Source data –
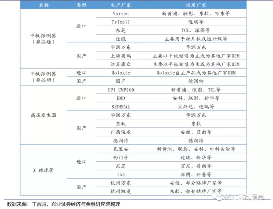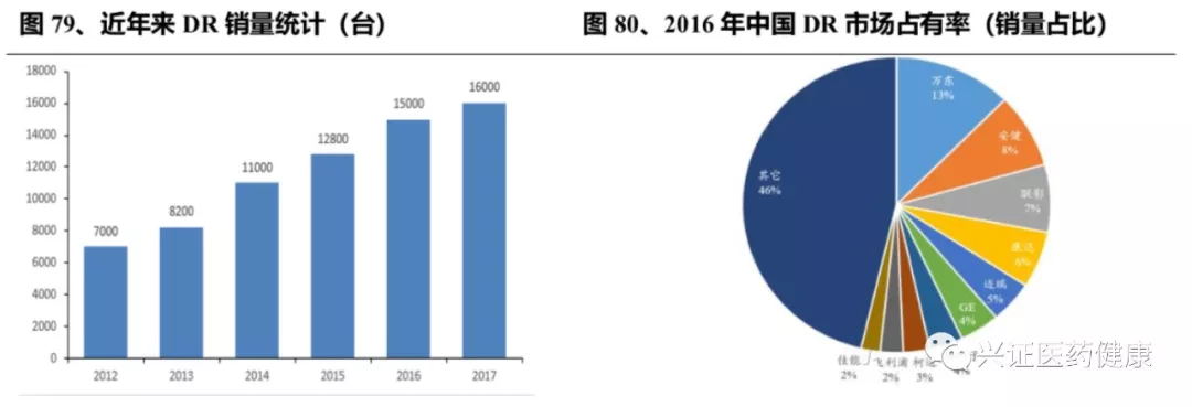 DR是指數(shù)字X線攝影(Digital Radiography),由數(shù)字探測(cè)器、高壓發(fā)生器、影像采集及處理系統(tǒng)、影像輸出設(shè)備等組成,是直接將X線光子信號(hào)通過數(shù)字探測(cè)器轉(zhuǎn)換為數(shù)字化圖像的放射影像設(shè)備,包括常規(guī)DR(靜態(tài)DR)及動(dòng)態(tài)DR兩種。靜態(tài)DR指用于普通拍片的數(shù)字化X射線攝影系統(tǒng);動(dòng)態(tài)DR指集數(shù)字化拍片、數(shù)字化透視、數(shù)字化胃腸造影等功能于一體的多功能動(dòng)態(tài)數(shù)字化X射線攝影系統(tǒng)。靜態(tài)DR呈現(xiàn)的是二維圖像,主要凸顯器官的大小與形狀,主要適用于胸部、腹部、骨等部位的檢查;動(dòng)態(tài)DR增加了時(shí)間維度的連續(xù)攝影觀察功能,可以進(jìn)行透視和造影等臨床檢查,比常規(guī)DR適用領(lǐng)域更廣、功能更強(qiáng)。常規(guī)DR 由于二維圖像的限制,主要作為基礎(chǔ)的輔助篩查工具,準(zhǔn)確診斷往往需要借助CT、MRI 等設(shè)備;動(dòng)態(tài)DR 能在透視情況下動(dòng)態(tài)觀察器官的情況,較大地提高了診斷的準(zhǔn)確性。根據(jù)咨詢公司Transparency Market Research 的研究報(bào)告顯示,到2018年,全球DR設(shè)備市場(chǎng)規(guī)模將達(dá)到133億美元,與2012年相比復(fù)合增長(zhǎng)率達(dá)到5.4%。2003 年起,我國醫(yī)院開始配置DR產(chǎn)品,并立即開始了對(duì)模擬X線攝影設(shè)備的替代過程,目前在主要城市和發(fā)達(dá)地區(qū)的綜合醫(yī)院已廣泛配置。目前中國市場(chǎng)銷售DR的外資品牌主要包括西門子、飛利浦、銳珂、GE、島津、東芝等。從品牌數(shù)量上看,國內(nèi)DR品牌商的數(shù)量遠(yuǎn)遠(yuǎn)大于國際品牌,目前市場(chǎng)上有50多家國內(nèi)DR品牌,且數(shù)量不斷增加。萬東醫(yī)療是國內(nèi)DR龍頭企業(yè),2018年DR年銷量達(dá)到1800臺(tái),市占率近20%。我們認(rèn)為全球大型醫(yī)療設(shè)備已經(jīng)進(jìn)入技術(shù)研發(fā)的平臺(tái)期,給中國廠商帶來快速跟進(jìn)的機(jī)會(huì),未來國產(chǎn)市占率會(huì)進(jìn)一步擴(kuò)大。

--

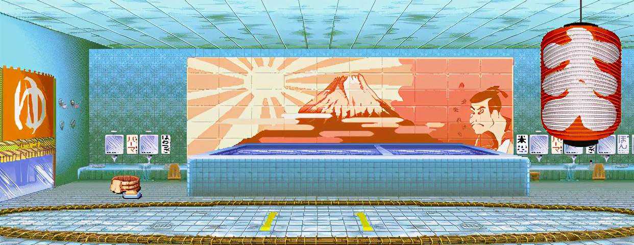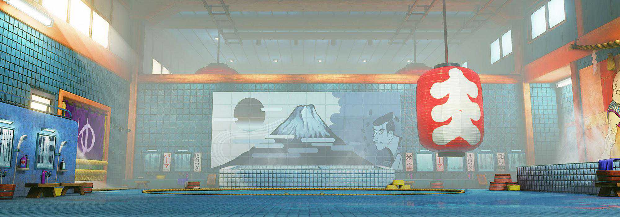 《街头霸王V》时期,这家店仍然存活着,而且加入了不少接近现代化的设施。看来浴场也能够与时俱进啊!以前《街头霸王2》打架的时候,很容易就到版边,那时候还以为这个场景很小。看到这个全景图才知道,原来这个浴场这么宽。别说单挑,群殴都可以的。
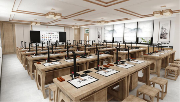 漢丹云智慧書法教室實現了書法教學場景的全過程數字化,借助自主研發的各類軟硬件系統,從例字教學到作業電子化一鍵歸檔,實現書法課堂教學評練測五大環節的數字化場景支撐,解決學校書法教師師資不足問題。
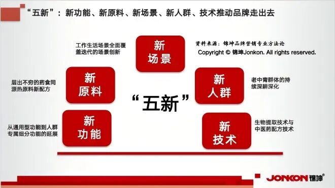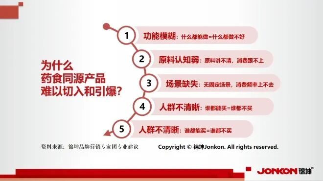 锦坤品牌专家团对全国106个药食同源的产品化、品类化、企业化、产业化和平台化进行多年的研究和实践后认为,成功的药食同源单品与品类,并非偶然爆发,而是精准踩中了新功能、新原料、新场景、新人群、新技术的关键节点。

To do – Output exactly the lines above that lie between the line with "漢丹云智慧書法教室實現了書法" and the line with "锦坤品牌专家团对全国106个", those two lines included, and no pictures.

Response to this task –
 漢丹云智慧書法教室實現了書法教學場景的全過程數字化,借助自主研發的各類軟硬件系統,從例字教學到作業電子化一鍵歸檔,實現書法課堂教學評練測五大環節的數字化場景支撐,解決學校書法教師師資不足問題。
 锦坤品牌专家团对全国106个药食同源的产品化、品类化、企业化、产业化和平台化进行多年的研究和实践后认为,成功的药食同源单品与品类,并非偶然爆发,而是精准踩中了新功能、新原料、新场景、新人群、新技术的关键节点。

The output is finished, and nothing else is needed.